Tan also encouraged attendees that your CVP should also be financially feasible for them. She gave examples of veterinary clinics that have transformed spaces into better client- and patient-friendly interactions, such as private entrance and exit for euthanasia appointments or even a wine bar at the clinic. The key is to find something that your clinic thrives at or makes stick out and then use that to define the values that you have as a specialist.

Fostering local relationships

For clients that are coming in from referrals, it can create a tricky balance between the general practitioner and the specialist. With some specialty clinics also doing general practice, clinics may hesitate to send their clients for fear of losing clients to the specialist entirely. Fostering a relationship where the general practitioner knows that you are not at risk of stealing their clients could help bring in more patients to increase revenue while also getting pets the care they need.

“I was 80% primary and 20% referral. What does that mean for other practices? If I'm 80% primary care, that means I'm their competitor. That means that [when] they refer to me, they risk the client really liking me and staying with me for 100% of their care,” said Tan.

“So, what one practitioner did in my area—he was a small animal dentist, but he did the same thing he offered 80% [and] 20%—he had his clients sign a an actual contract with him, every time they visited that said, ‘I will not see you as a primary care practitioner.‘ Then it made it crystal clear to everyone, the referring veterinarian, to the client, we are not going to see you as primary care, you are referral only and I thought that was really, really smart,” she continued.

In this scenario, all parties involved know what is expected while maintaining a healthy relationship with the client and the veterinarian who referred them, and there is no risk of the referring veterinarians losing clients or revenue. This brings more clients into the door of your practice because you have earned the trust of your veterinary colleagues in the area.

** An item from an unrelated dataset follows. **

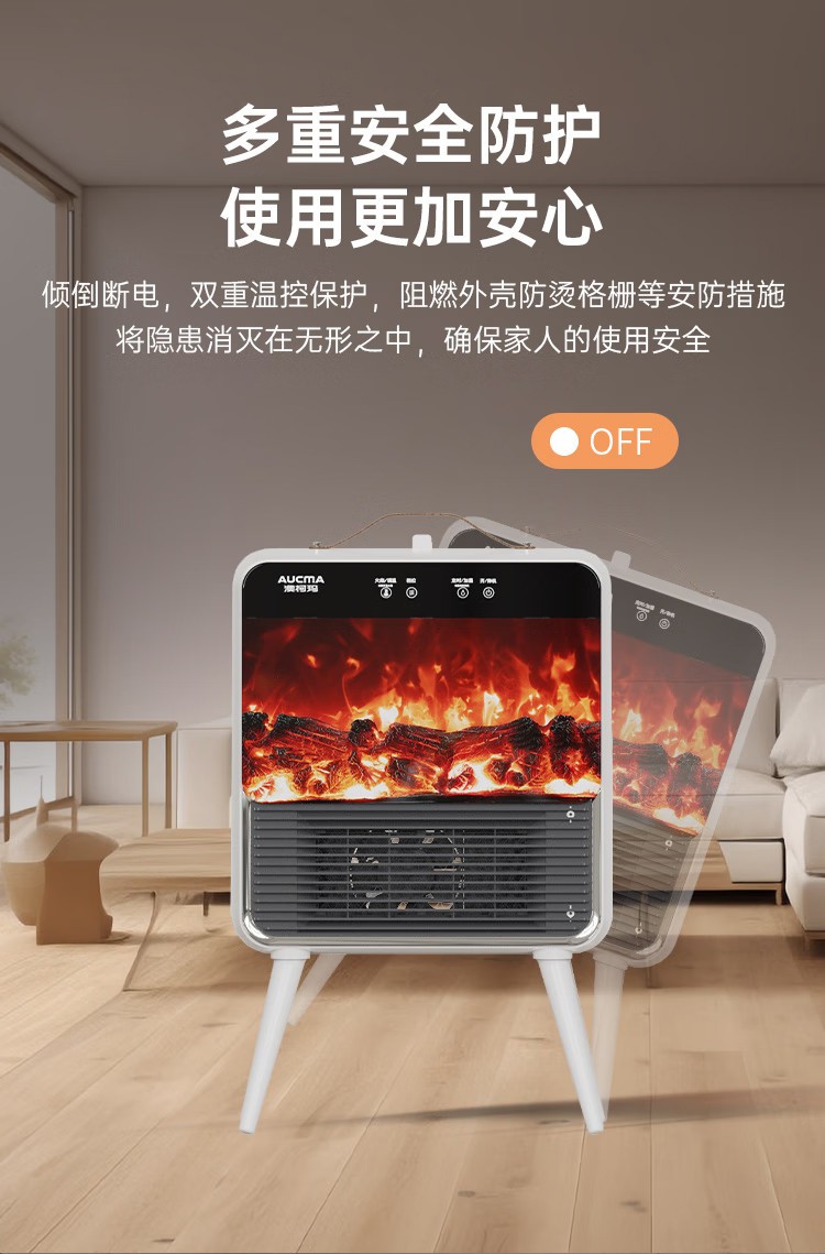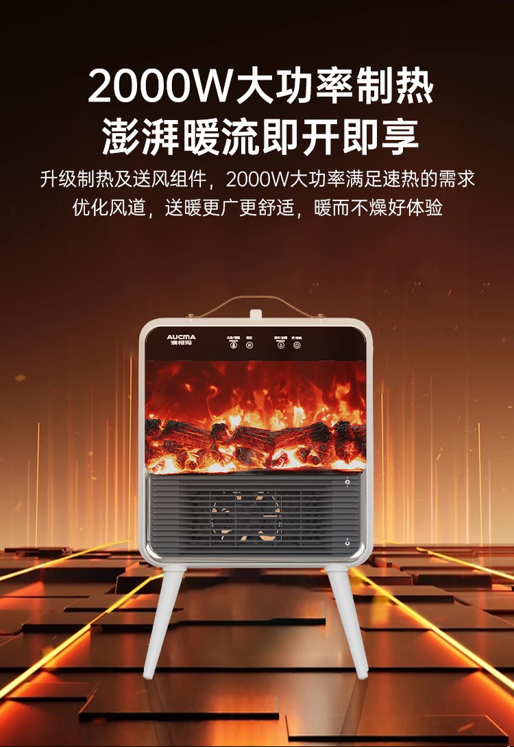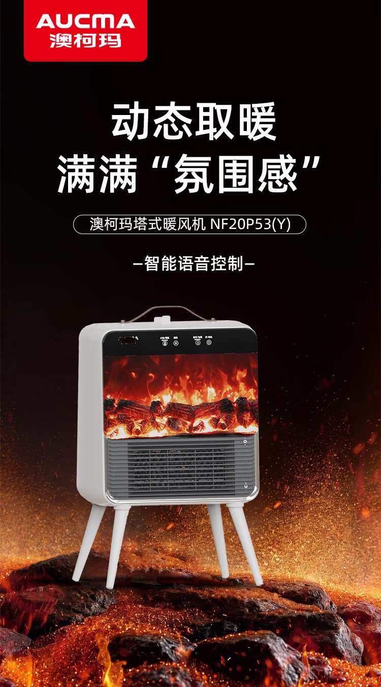 澳柯玛语音控制仿真火焰2000w塔式2档加热暖风机NF20P53(Y)

Although this gesture may not be for everyone, it is a base for what a healthy relationship looks like to help specialists and general practitioners in the area figure out a system that works, and benefits, both parties and the client.

In conclusion

Specialists have worked for years learning their craft to be able to provide top-notch care to all who enter their clinic. By distinguishing yourself from competitors while also creating and honoring partnerships or potential partnerships with local veterinarians, you can demonstrate the value of your skill without hurting the other practicing veterinarians in your community, according to Tan. There are other ways to show the world your skill set, it just is a matter of what method works best for you and your patients.

Reference

Tan, J. Communicating the Value of Your Specialty Service. Presented at: ACVIM Forum Specialty Symposium; Philadelphia, Pennsylvania. June 17, 2023.